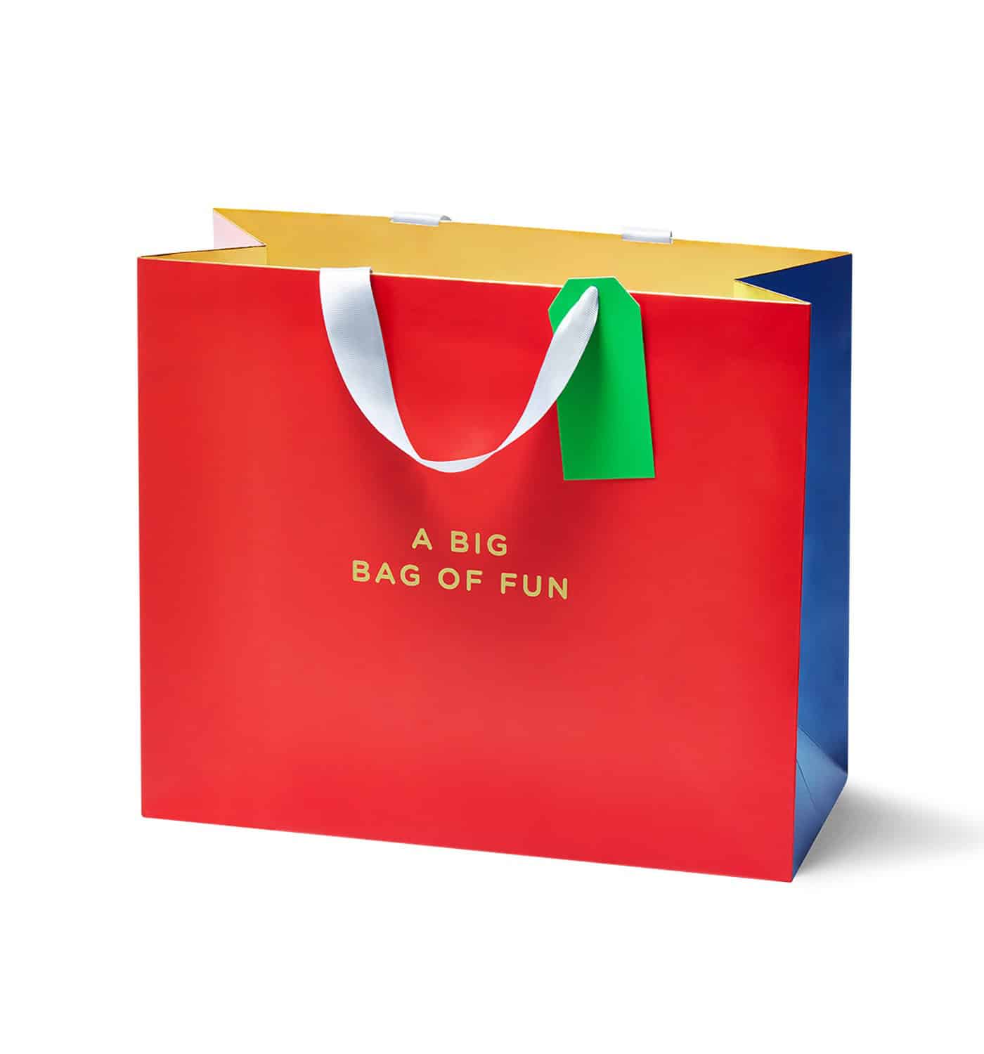 Red paper gift bag with white handles, green tag, and "A BIG BAG OF FUN" text.
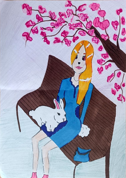 598. Руденко Екатерина, 15 лет, "Кролик и сакура"
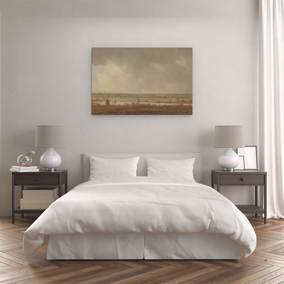 Bij aankoop ontvang je een meegeleverd ophangsysteem, zodat je op een simpele en snelle wijze het schilderij boven de bank of bed kan monteren.
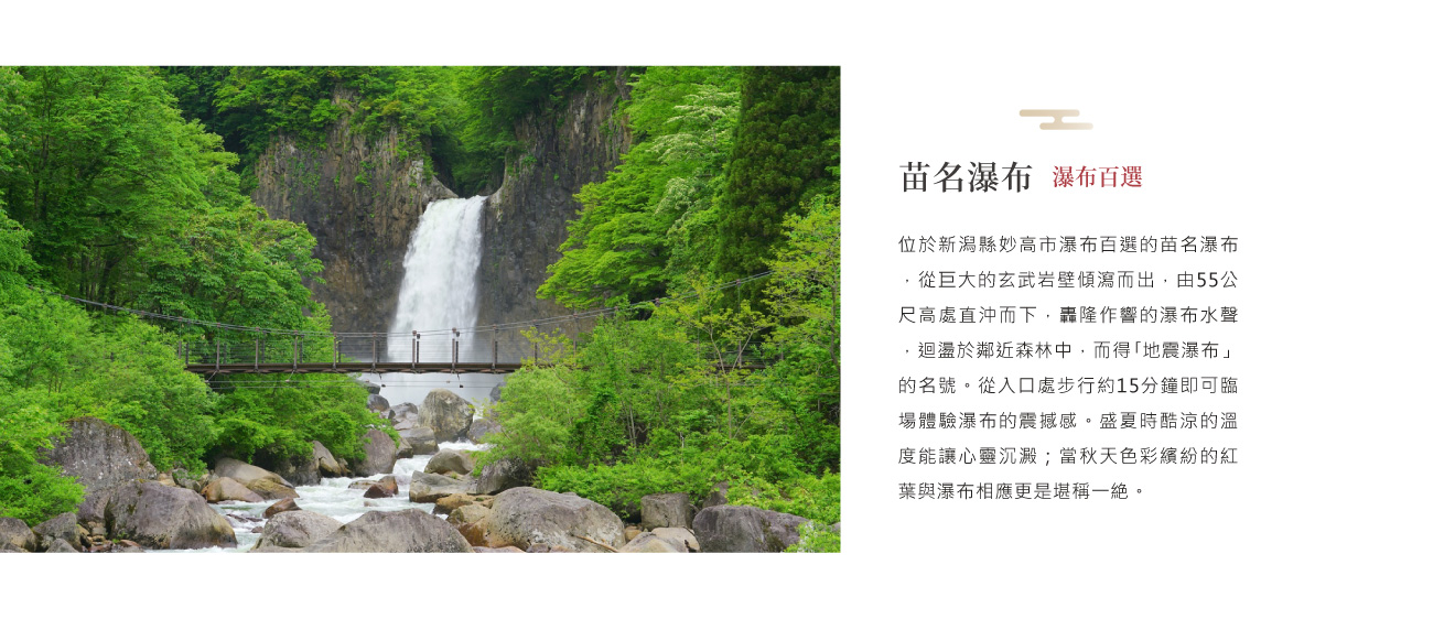 位於新潟縣妙高市瀑布百選的苗名瀑布,從巨大的玄武岩壁傾瀉而出,由55公尺高處直沖而下,轟隆作響的瀑布水聲,迴盪於鄰近森林中,而得「地震瀑布」的名號。從入口處步行約15分鐘即可臨場體驗瀑布的震撼感。盛夏時酷涼的溫度能讓心靈沉澱;當秋天色彩繽紛的紅葉與瀑布相應更是堪稱一絶。
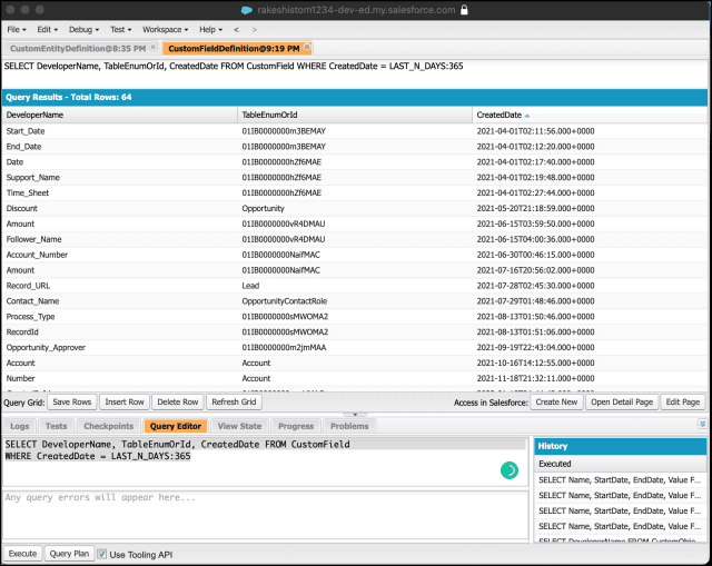 Para encontrar los campos personalizados creados en los últimos 365 días, usaremos Developer Console para consultar el objeto CustomField de la API de herramientas.
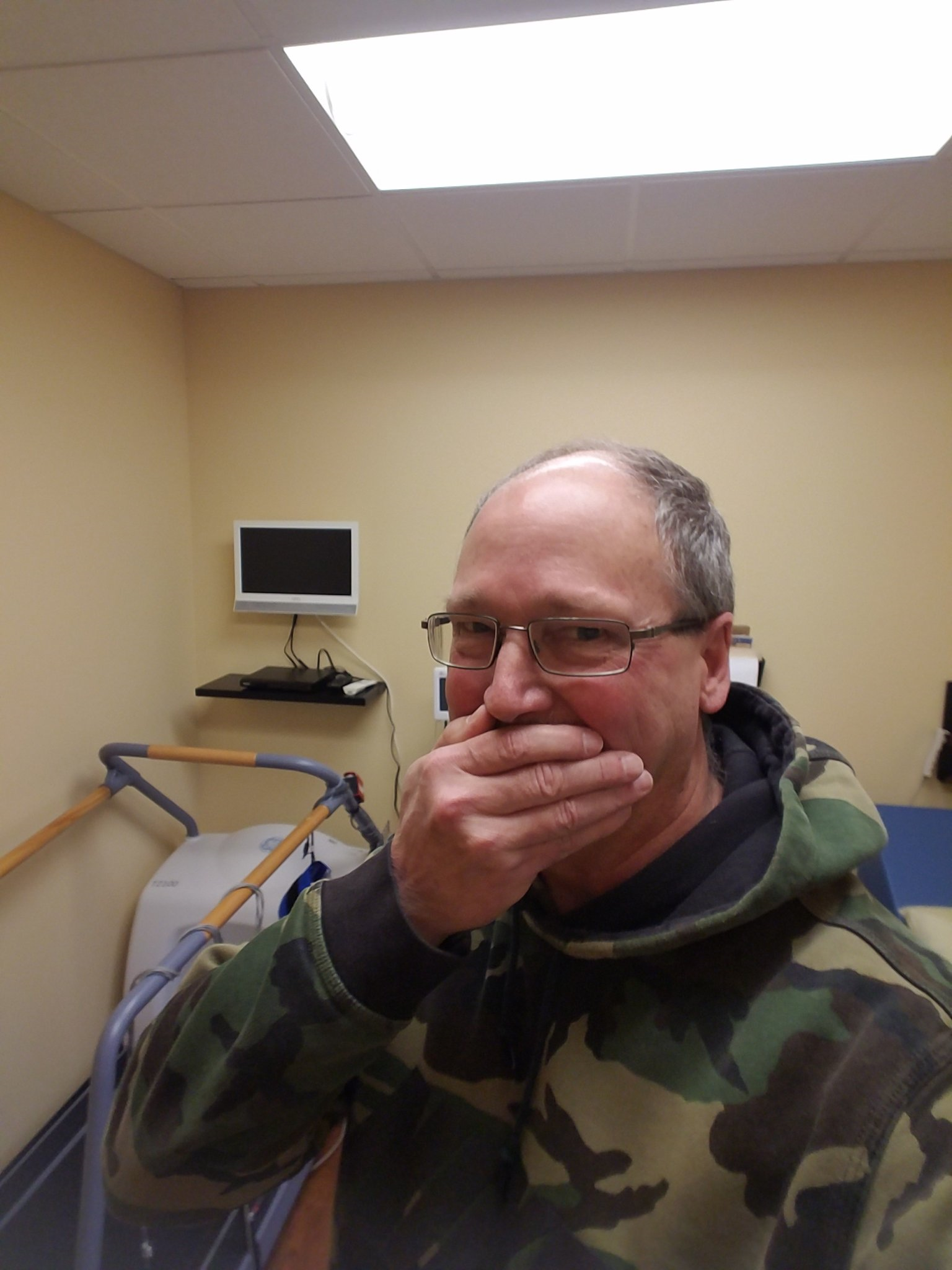 In the "waiting room"I'm in the cardiology waiting room getting ready for another shot at a stress test. I got 4 people looking at me like I got mental issues. I can't stop giggling.?
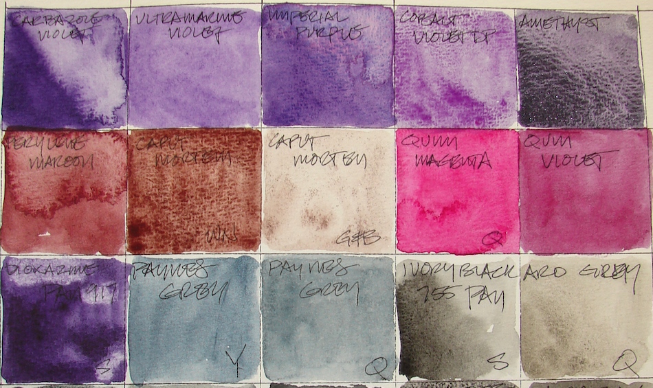 Greenleaf & Blueberry Caput Mortem is not the Caput Mortem I want (which is DS Caput Mortem, much less purple, and also discontinued, far right.) I am bringing together all the Caput Mortems, even though I put the DS version into the brown posting because it really has no tinge of purple.  Windsor Newton Caput Mortem, PR101, is an intense mauve that I really hate…. but I had to try it to see if it would take the place of DS.
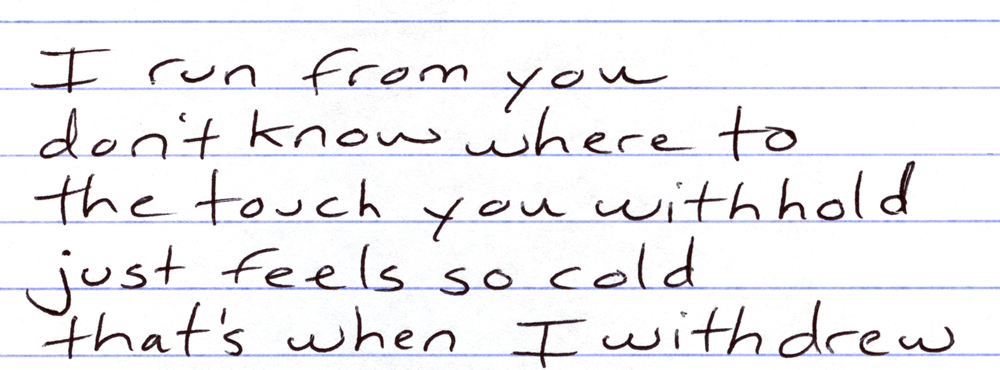 J: And it came out better that way. Actually, you don’t need to explain when your heart went cold. You can just feel cold, and that’s when you withdrew. “Your heart is like stone” is such a mean statement. I could rewrite it, “My heart feels like stone – you’re so alone!”

-=-=-=-=-

▶ Directions
Word for word, copy every line of the data, excluding any pictures.

▶ Exercise output
 Red paper gift bag with white handles, green tag, and "A BIG BAG OF FUN" text.
 598. Руденко Екатерина, 15 лет, "Кролик и сакура"
 Bij aankoop ontvang je een meegeleverd ophangsysteem, zodat je op een simpele en snelle wijze het schilderij boven de bank of bed kan monteren.
 位於新潟縣妙高市瀑布百選的苗名瀑布,從巨大的玄武岩壁傾瀉而出,由55公尺高處直沖而下,轟隆作響的瀑布水聲,迴盪於鄰近森林中,而得「地震瀑布」的名號。從入口處步行約15分鐘即可臨場體驗瀑布的震撼感。盛夏時酷涼的溫度能讓心靈沉澱;當秋天色彩繽紛的紅葉與瀑布相應更是堪稱一絶。
 Para encontrar los campos personalizados creados en los últimos 365 días, usaremos Developer Console para consultar el objeto CustomField de la API de herramientas.
 In the "waiting room"I'm in the cardiology waiting room getting ready for another shot at a stress test. I got 4 people looking at me like I got mental issues. I can't stop giggling.?
 Greenleaf & Blueberry Caput Mortem is not the Caput Mortem I want (which is DS Caput Mortem, much less purple, and also discontinued, far right.) I am bringing together all the Caput Mortems, even though I put the DS version into the brown posting because it really has no tinge of purple.  Windsor Newton Caput Mortem, PR101, is an intense mauve that I really hate…. but I had to try it to see if it would take the place of DS.
 J: And it came out better that way. Actually, you don’t need to explain when your heart went cold. You can just feel cold, and that’s when you withdrew. “Your heart is like stone” is such a mean statement. I could rewrite it, “My heart feels like stone – you’re so alone!”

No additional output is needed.